My first review of this week; I know some love this episode, but personally I find it just an okay-ish story. Not terrible though.

[TV.com rating=7.5; Silly]

Thomas has been hired by a wealthy woman to act out some of her bored sister’s fantasy games with a 1930s P.I. theme, but the “game” turns nasty when her over-protective husband finds out, and when the woman is poisoned. A so-so episode…

-----

‘The Black Orchid’… some ‘Magnum’ fans absolutely love this episode, but I have to confess, it’s not one of my outstanding favourites.

The episode marks the first of a number of times where fantasy elements would play a key part in stories. I for one don’t mind that, it’s just that this particular example doesn’t really do much for me. But hey, a story where T.C. and Rick dress up as 1930’s heavies can’t be ALL bad, I suppose.
In some respects, this story could just have easily come from any of the show’s later seasons, where more eccentric and fantasy-based plots were often used.
And Magnum posing as a black and white-era detective foreshadows ‘Murder by Night’ in season seven.

Judith Chapman gives a good performance as the eccentric rich woman wrapped up in her silly “games”, and she is probably the best thing about the episode.

There are signs that more was filmed for this episode than made the final cut. In the opening trailer, Christine offers Magnum $500 dollars as “an attention-getter”, and on the closing credits, with a shot of Christine and Louise in bikinis talking to Higgins at the King Kamehameha Club (of which, by the way, the commonly-used beach bar is used for the first time in this episode). These scenes were presumably dropped for timing reasons.

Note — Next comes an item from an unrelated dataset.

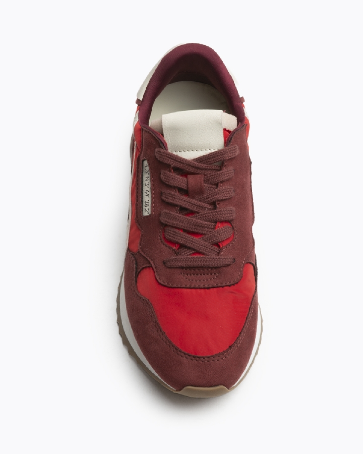 Zapatilla deportiva estilo retro. Cierre mediante cordones de seis pa-sadas. Suela dentada. Corte en combinación de materiales y colores.

When I was younger, I had little time for this story; when I saw it again to review, I didn’t mind it so much, and gets a higher score than it would have done from me just a few years ago. I suppose it has its moments, but it’s certainly one of my lesser favourites from the first season.

(As a footnote, a scene from this episode can be seen being shown TV in Donald P. Bellisario’s later hit ‘Quantum Leap’, in the second season episode ‘Another Mother’).

-----

Other notes, bloopers and misc.:

* Didn’t spot much with this episode; just to say, another case of abridged commercial breaks on the DVD – the second and fourth ad breaks are abridged (I used to think these were the first and third breaks, until I remembered that US broadcasts typically have a break right after the opening credits).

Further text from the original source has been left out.